◆ EXERCISE DESCRIPTION
Take from the entries below the stretch from the line with "futbola izlases spēlētāji" through the line with "Лампочка светодиодная RED", and return it exactly, leaving the pictures out.

◆ EXTRACTED ENTRIES
· · · · ·

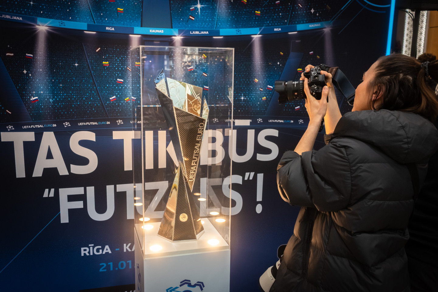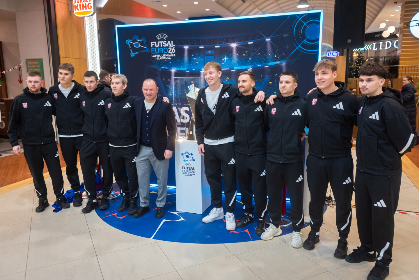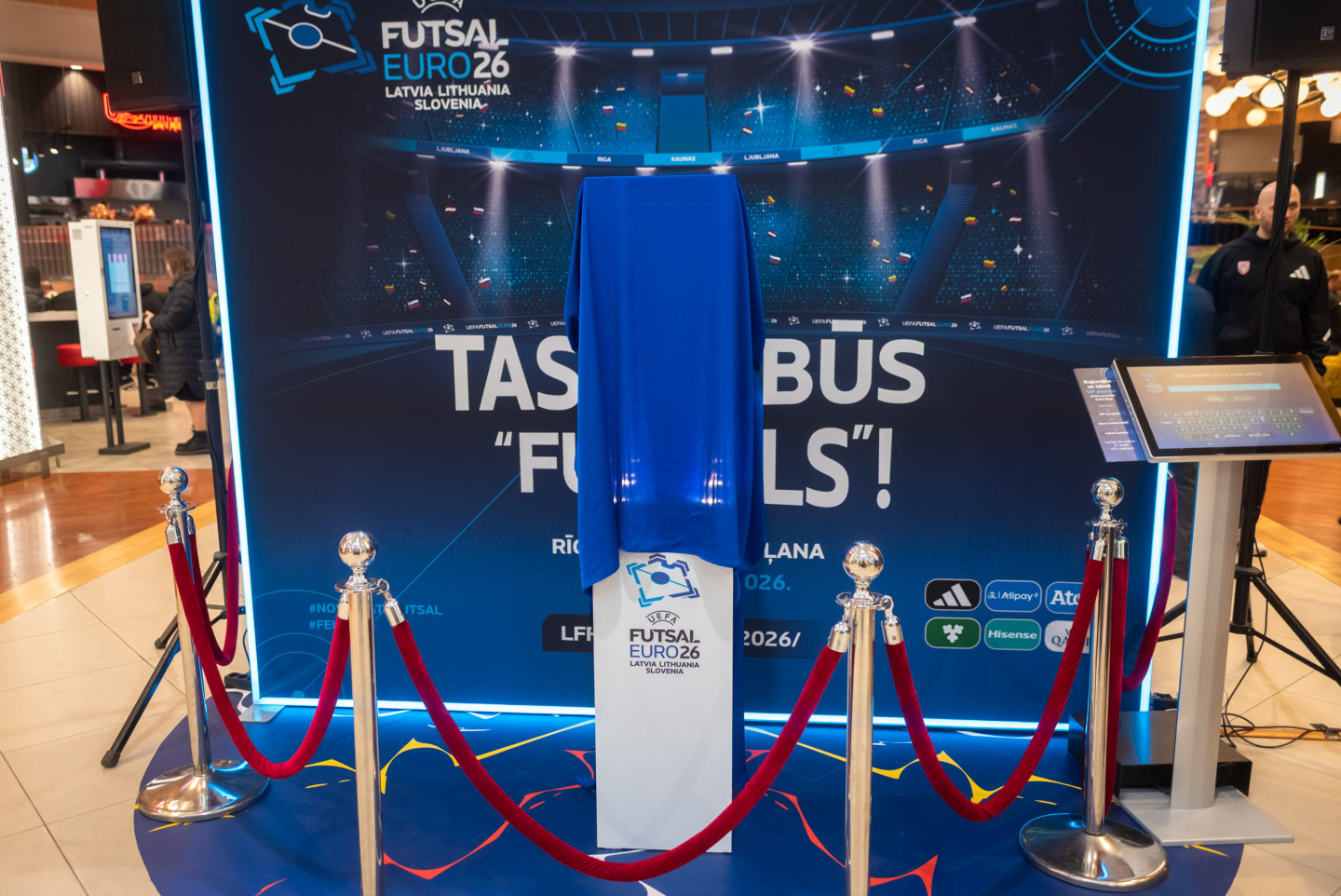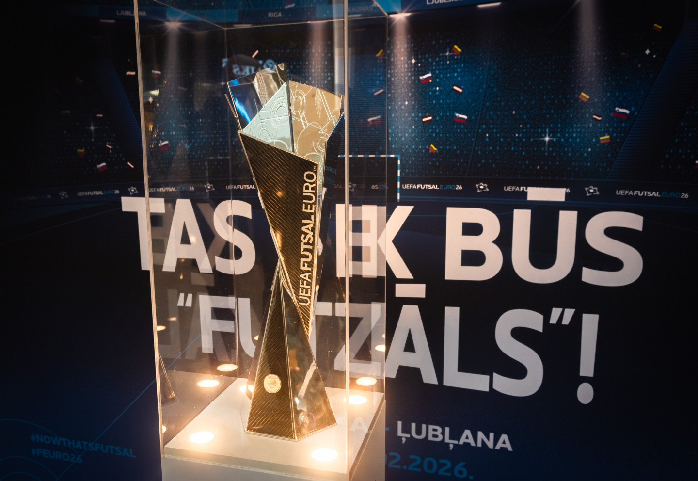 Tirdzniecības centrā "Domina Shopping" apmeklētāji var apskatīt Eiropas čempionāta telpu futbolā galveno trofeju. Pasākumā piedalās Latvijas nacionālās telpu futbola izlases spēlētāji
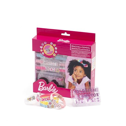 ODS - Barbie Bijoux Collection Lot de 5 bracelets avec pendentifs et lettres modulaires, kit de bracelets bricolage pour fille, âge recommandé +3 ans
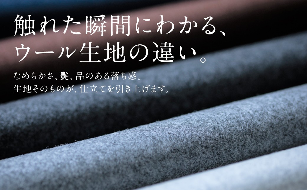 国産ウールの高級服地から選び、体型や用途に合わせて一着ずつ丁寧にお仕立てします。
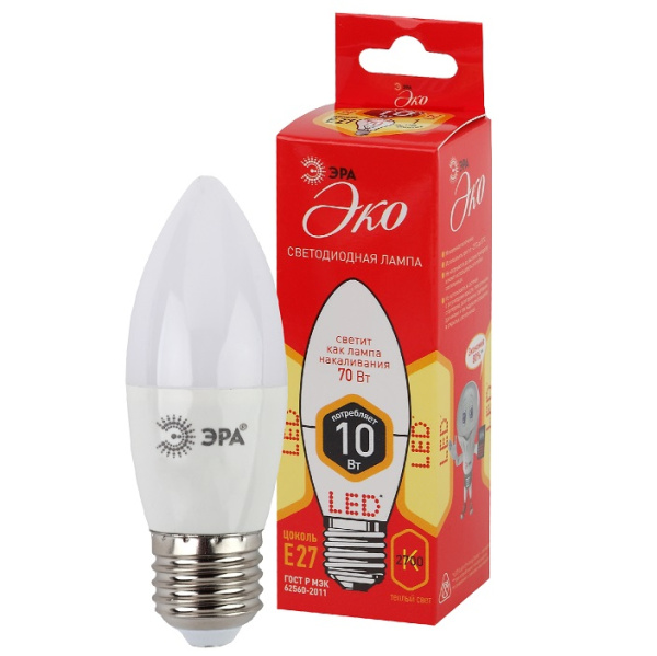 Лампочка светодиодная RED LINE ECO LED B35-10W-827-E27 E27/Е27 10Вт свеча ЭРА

· · · · ·

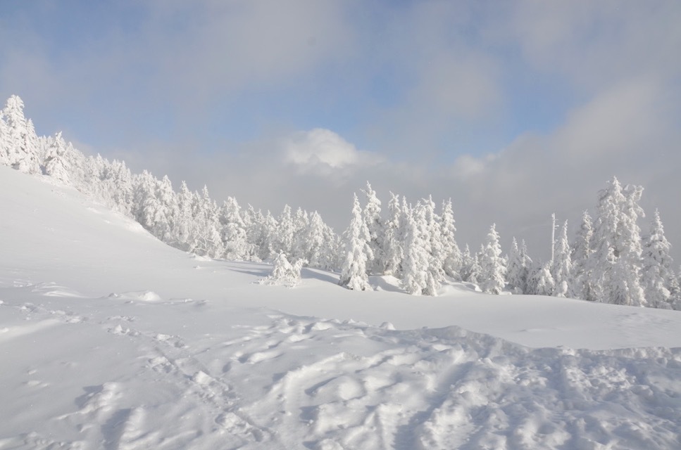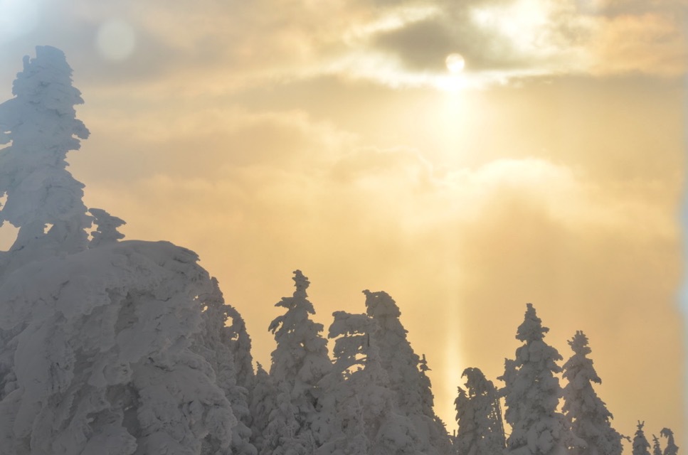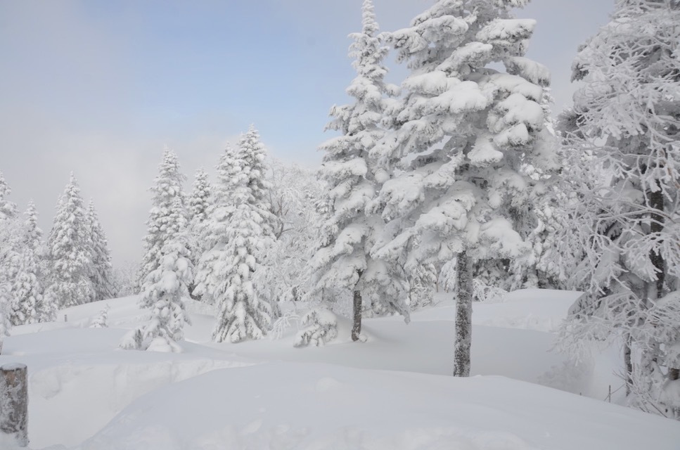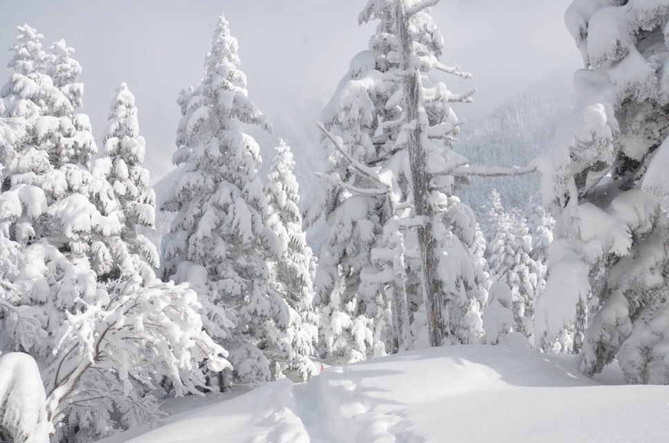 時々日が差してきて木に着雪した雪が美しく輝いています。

· · · · ·

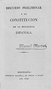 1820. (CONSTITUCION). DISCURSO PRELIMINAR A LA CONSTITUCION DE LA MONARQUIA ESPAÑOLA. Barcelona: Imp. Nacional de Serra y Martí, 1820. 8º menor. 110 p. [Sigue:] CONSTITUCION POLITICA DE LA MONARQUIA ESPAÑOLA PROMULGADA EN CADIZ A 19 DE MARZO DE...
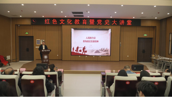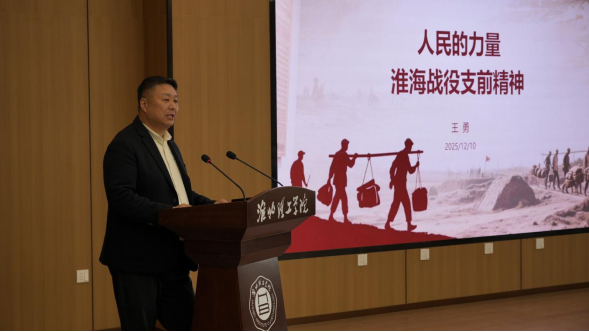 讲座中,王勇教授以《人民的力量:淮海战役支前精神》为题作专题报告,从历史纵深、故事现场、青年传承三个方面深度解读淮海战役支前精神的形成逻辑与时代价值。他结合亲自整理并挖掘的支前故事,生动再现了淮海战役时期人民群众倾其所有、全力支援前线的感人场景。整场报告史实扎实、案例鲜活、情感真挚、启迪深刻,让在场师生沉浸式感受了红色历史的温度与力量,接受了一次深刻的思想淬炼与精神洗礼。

· · · · ·

◆ SOLUTION FOR THIS TASK
 Tirdzniecības centrā "Domina Shopping" apmeklētāji var apskatīt Eiropas čempionāta telpu futbolā galveno trofeju. Pasākumā piedalās Latvijas nacionālās telpu futbola izlases spēlētāji
 ODS - Barbie Bijoux Collection Lot de 5 bracelets avec pendentifs et lettres modulaires, kit de bracelets bricolage pour fille, âge recommandé +3 ans
 国産ウールの高級服地から選び、体型や用途に合わせて一着ずつ丁寧にお仕立てします。
 Лампочка светодиодная RED LINE ECO LED B35-10W-827-E27 E27/Е27 10Вт свеча ЭРА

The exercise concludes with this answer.